SPICED ACADEMY DATA SCIENCE BOOTCAMP - week 6: "The Data Pipeline" - Sentiment analysis on Twitter tweets, displayed by Slackbot.
The project's goal was mainly to get a docker compose pipeline running, dealing with an SQL and a NOSQL server and practicing the ETL job.
- twitter_streamer.py
A twitter API streams filtered tweets to a mongoDB database.
Twitter API --> https://developer.twitter.com/en/use-cases/listen-and-analyze
The code in twitter_streamer.py is based on the code in this repository: https://github.com/pawlodkowski/twitter-mongoDB, which was provided by SPICED ACADEMY and adjusted by myself.
- etl.py
The tweets' text contents (and userid) then are requested and loaded to a created pandas dataframe.
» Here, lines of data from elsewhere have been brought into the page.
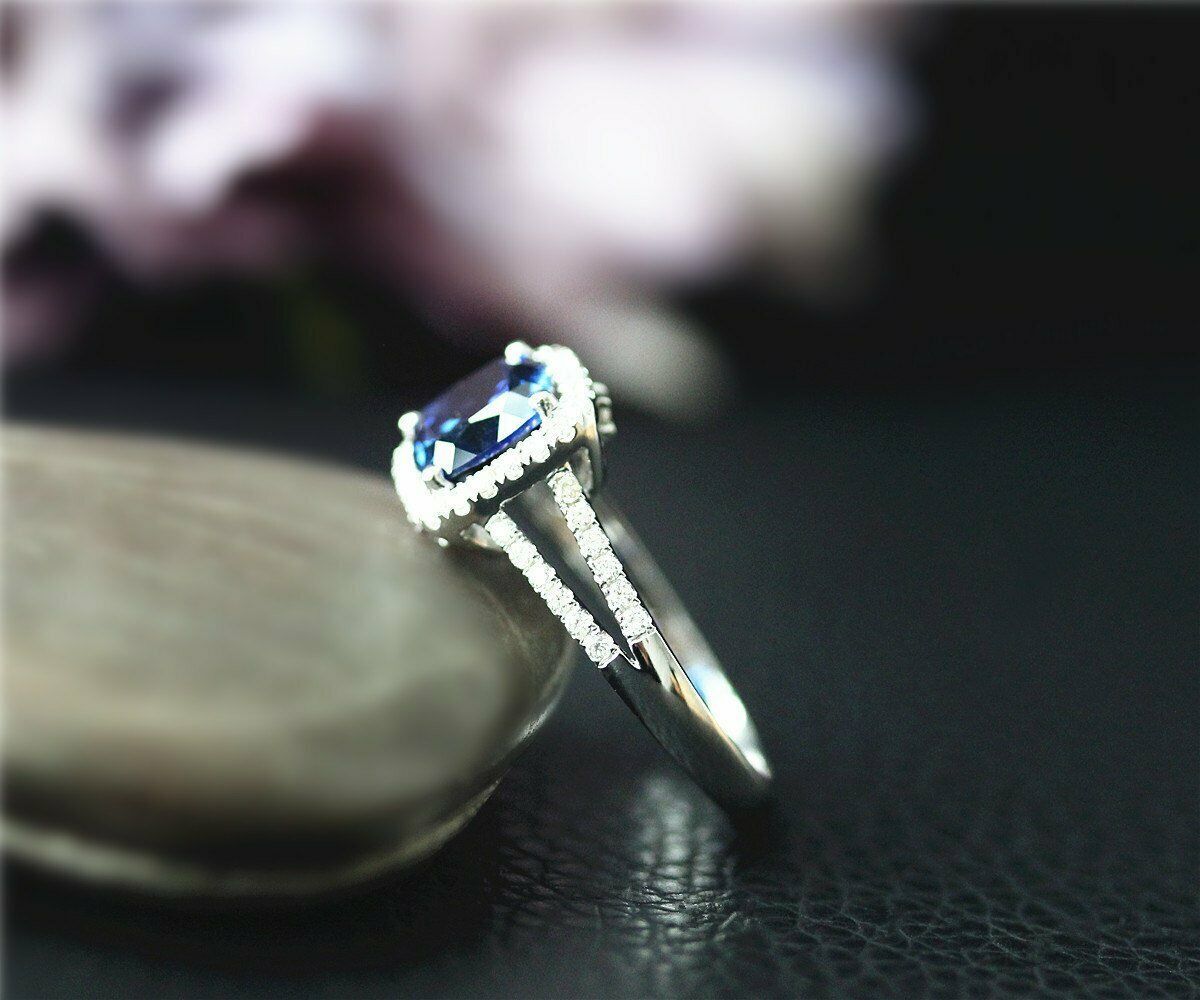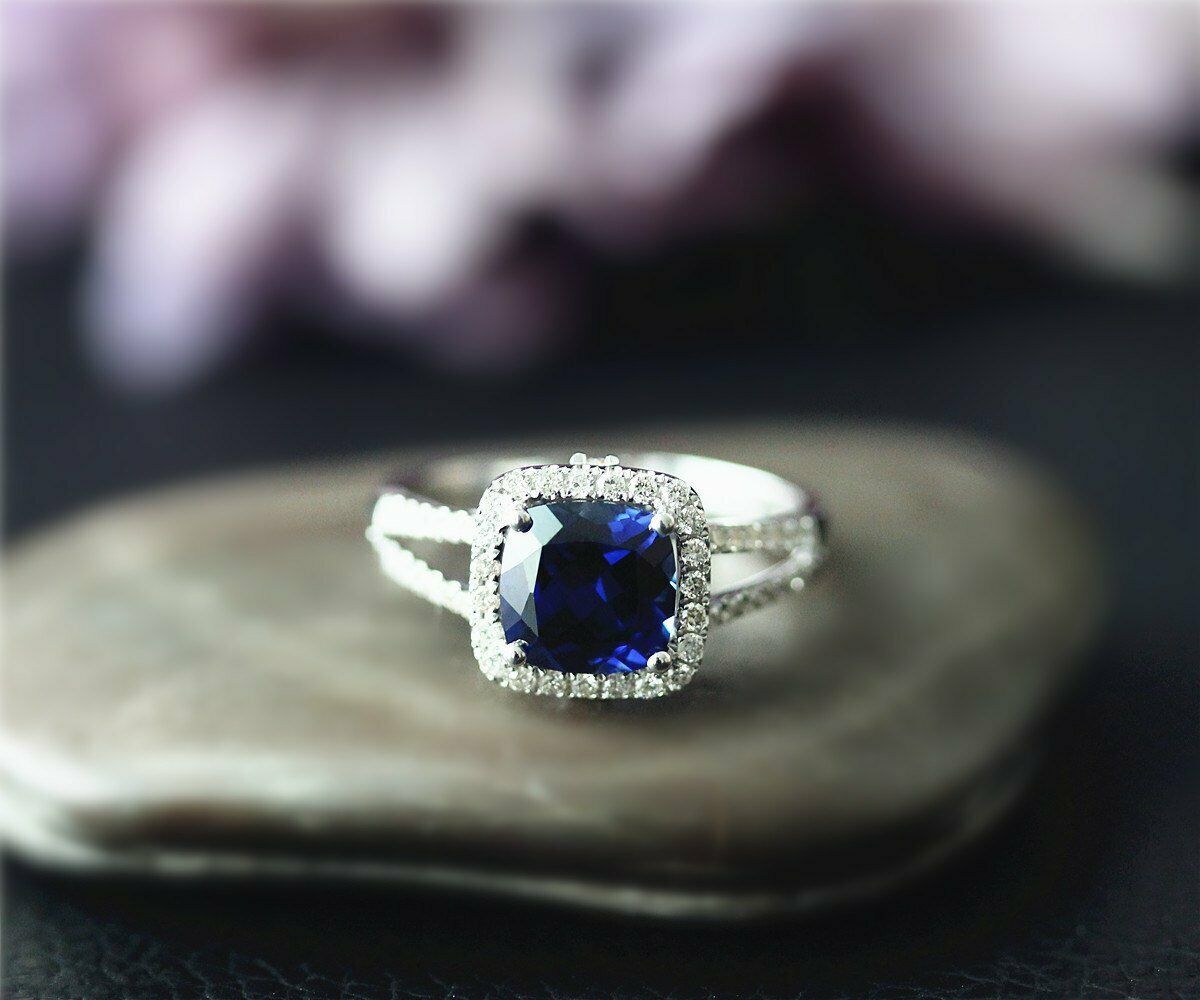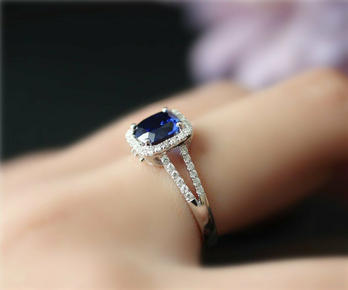 2Ct Cushion Brilliant Cut Blue Sapphire Halo and 50 similar items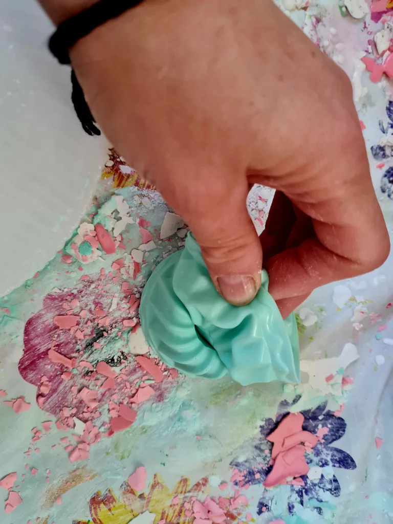 Die gut aufgerührte Gießmasse wird nun gleichmäßig in die Einfüllöffnung gefüllt. Anschließend müssen eventuelle Lufteinschlüsse und -bläschen vorsichtig ausgeklopft werden. Nun muss die Masse in der Form für mindestens 30 Minuten trocknen.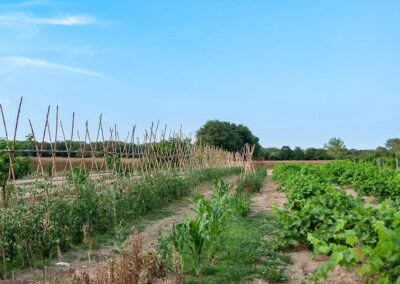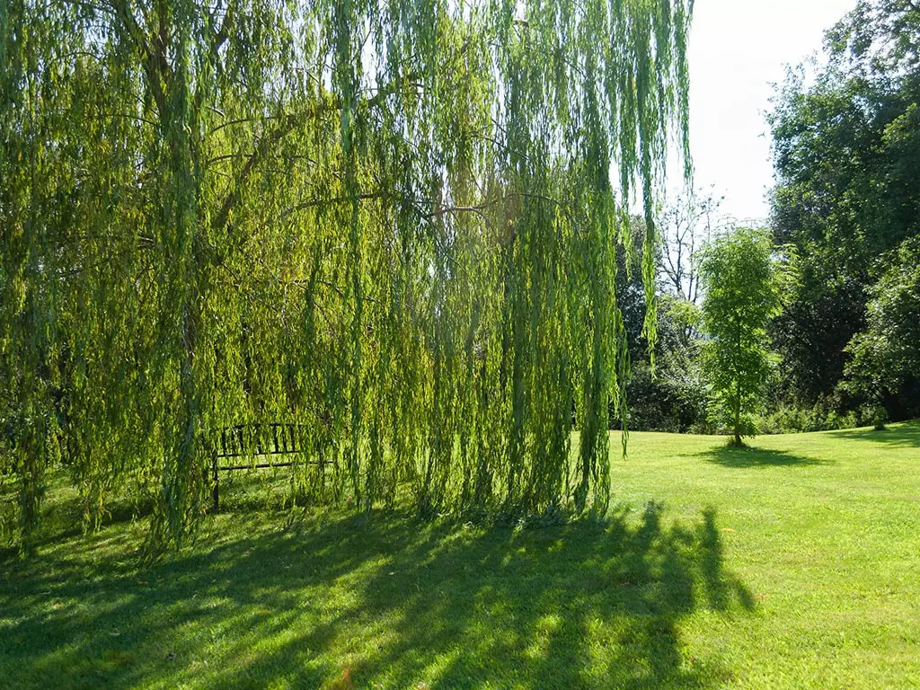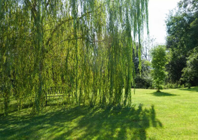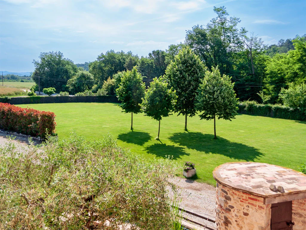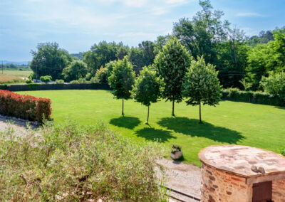 Ca n’Oller está rodeada de una extensa zona ajardinada que convive en armonía con el entorno rural. El jardín principal, con amplias zonas de césped y espacios de sombra natural, invita al paseo, al juego y al descanso. La era circular restaurada y el entorno del majestuoso sauce llorón conforman uno de los rincones más singulares de la finca, acompañados de elementos tradicionales como olivo, pozo y estanque ornamental.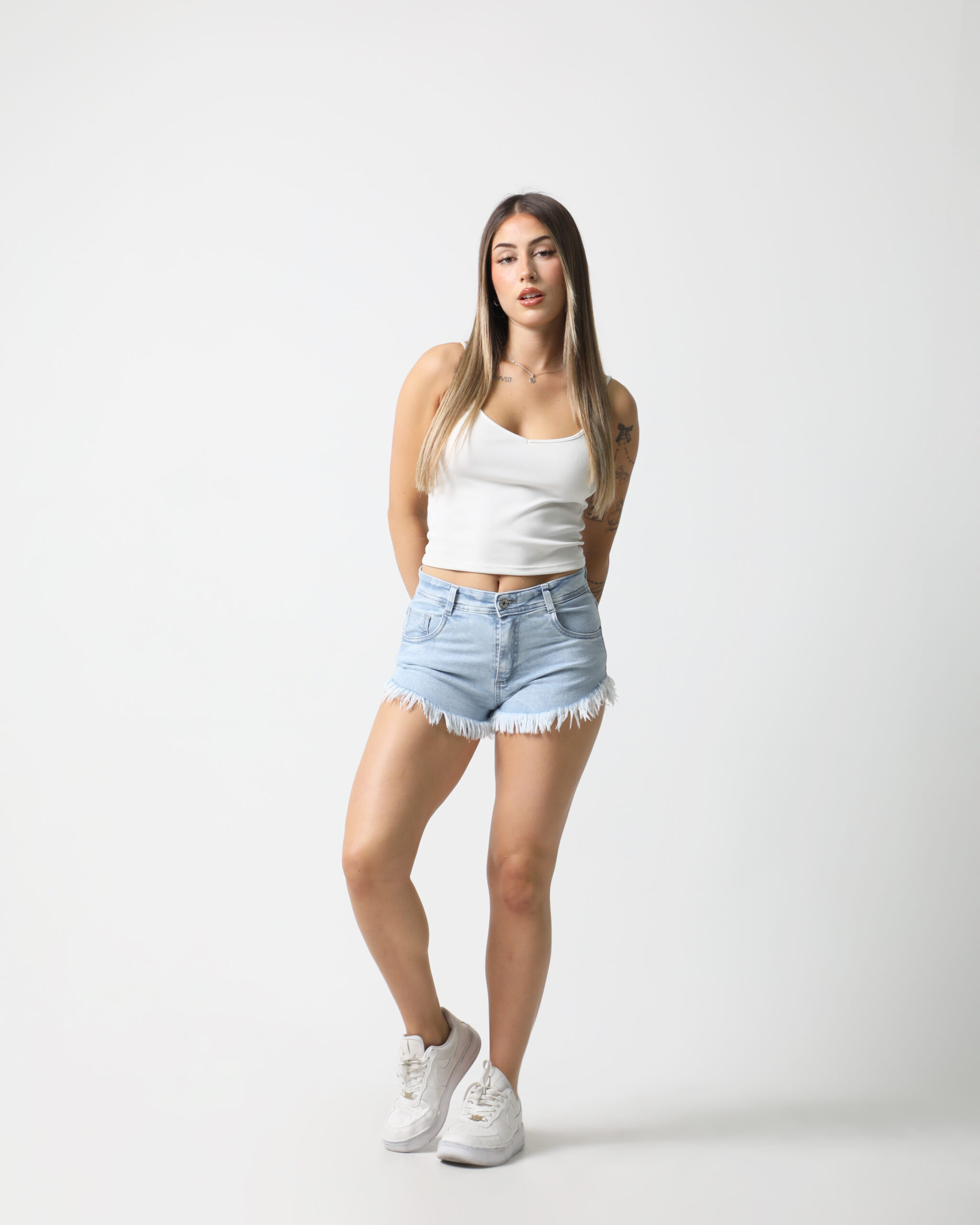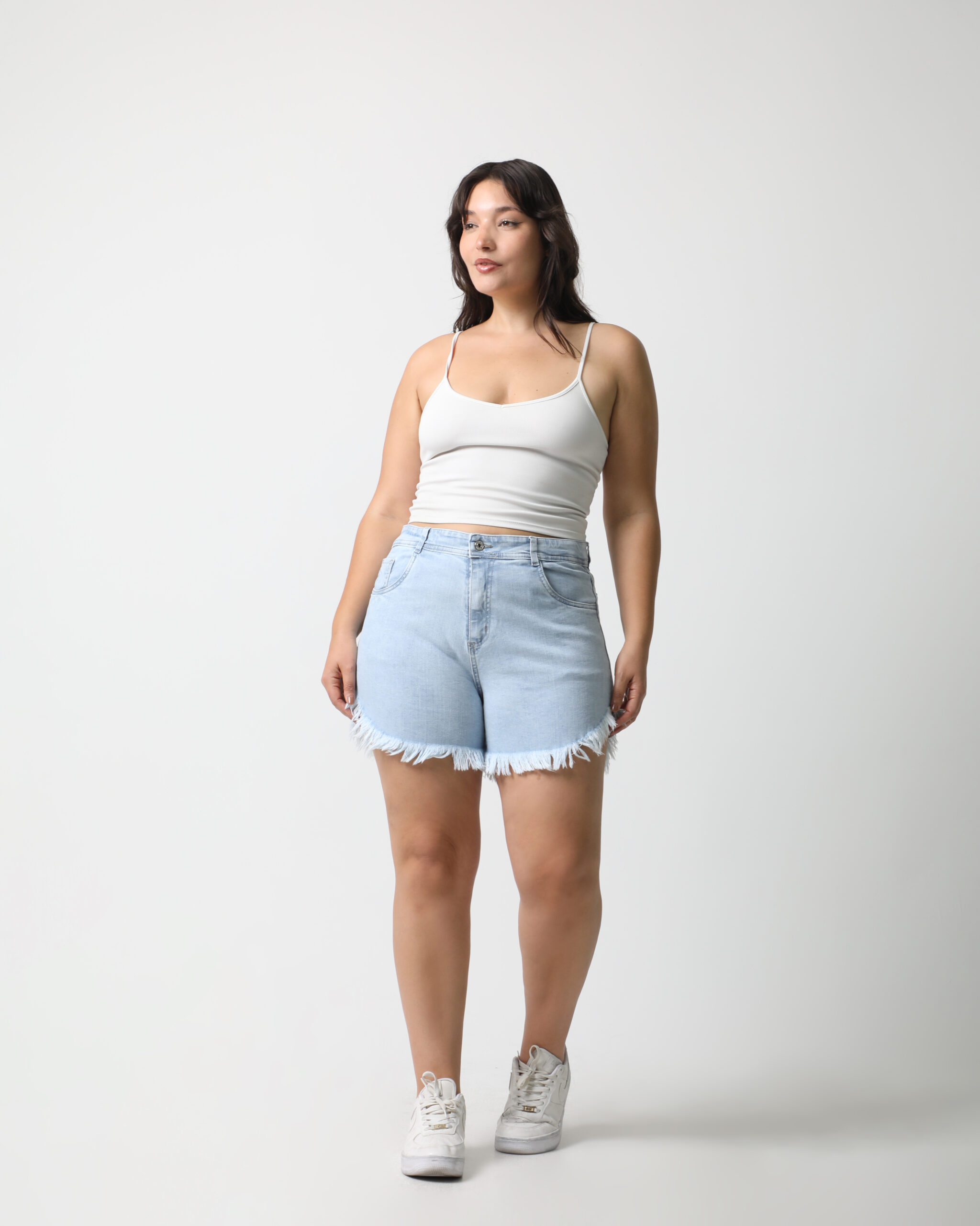 BEACH SHORT CELESTE DESFLECADO TIRO ALTO RÍGIDO SONNE 36-60

Sentiment Analysis is performed on the text data and the sentiment compound score loaded to the dataframe.
For the sentiment analysis I used a Vader Sentiment analysis tool --> https://github.com/cjhutto/vaderSentiment/blob/master/README.rst#installation, referring to: Hutto, C.J. & Gilbert, E.E. (2014). VADER: A Parsimonious Rule-based Model for Sentiment Analysis of Social Media Text. Eighth International Conference on Weblogs and Social Media (ICWSM-14). Ann Arbor, MI, June 2014.
The dataframe is then transferred to a Postgres database.
- slackbot.py
Text and sentiment values of the last row in the postgres table are then queried and then posted in a slackbot via a webhookURL.